Twitter is all the rage at the moment and we are seeing very promising products appear in the enterprise space, e.g. Socialtext Signals, Yammer, Socialcast. For most people however, it is yet another application and destination they need to go to. Yammer allows to post and receive messages via email.

6) Instant Messeging 

Sometimes it is desirable to initiate an IM chat right after having received an email. For example, IBM’s Sametime IM technology plugs into MS Outlook indicating if a person is available for a chat/call and allowing the user to directly contact another person within the email client.

7) Email distribution list

As mentioned before, people use email to have conversations about non-confidential topics. In this case, it could be beneficial to the company if these conversations where accessible to other employees. But convincing them to use forums, blogs or wikis can be very difficult, as they are outside of their workflow. In its latest version Thoughtfarmer introduced a feature, which publishes content from an email distribution list to the wiki adding details like profile pictures, links to employee profiles.
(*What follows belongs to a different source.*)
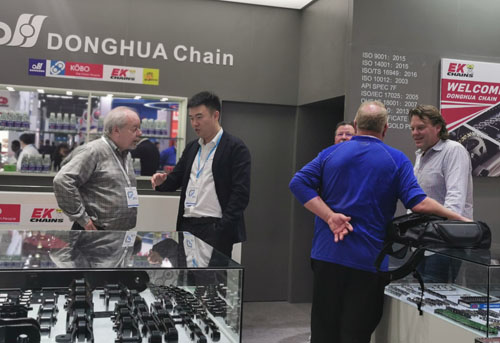 東華鏈條展出系列最新產品,隆重亮相展會。展廳占地100多平方米,位于傳動件展廳顯著位置,設計美觀、大氣。今年重點展出了傳動類、輸送類、農機類、高端裝備類等最新鏈條產品。這些精良的產品代表了當前公司高端的制造水平,吸引了無數國內外新老客戶及參觀者的眼光。

There it will be indexed and the information is accessible even if people leave the company.

All these examples are related to email in one way or another. However, transition strategies go well beyond email. In general, it is important to keep in mind:

Don’t be too radical

For example, working on wikis and blogs potentially exposes people’s work to the entire firm. Most people are uncomfortable with that idea. Furthermore, it can require considerable effort. Instead of implementing wikis and blogs from the start, it might actually be better to look at social bookmarking, social networking or social messaging (microblogging) first. The value/time investment ratio is usually better than for wikis and blogs. Look at social bookmarking: The workflow is not radically different from what people are used to. They can opt out of sharing on a case-by-case basis, learn how valuable tagging can be for themselves. At the same time they understand the value of transparency when searching/browsing colleague’s bookmarks instead of relying on the enterprise search engine.
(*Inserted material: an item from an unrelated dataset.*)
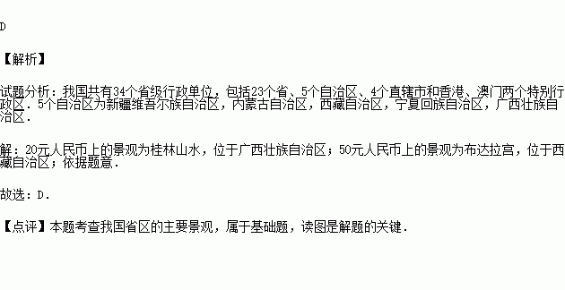 图中,人民币上的景观所在的自治区分别是( )

Let people decide how to interact

Early adopters and enthusiasts will be happy to work directly on the wiki, consume news and updates in their RSS feed reader and read and send messages directly in the microblogging engine. For the rest make sure that they have the possibility to use those new tools with something they are familiar with.

Let people receive content the way they want it

If people find content (sources) interesting they should be able to decide how and when they want to receive content; let it be via email client, RSS reader, feeds on the team space, message on the microblogging engine, or PDF. Stop pushing content down people’s throat using email!

Build on existing workflows

This is nothing new, but I believe people have been rather ignorant to the fact that a lot of existing workflows involve email. Instead of simply implementing some new shiny tools, try to bridge the gap between the old and the new world.

New behaviors will emerge, but it won’t happen over night. That’s why enthusiasts need to acknowledge that most skeptics will continue to follow the path of least resistance and reject tools that are not part of their workflow, are too difficult learn and use or don’t yield an immediate personal benefit. If you ignore that, the success of your Enterprise 2.0 initiative may be in danger and the skeptics may prevail in the end.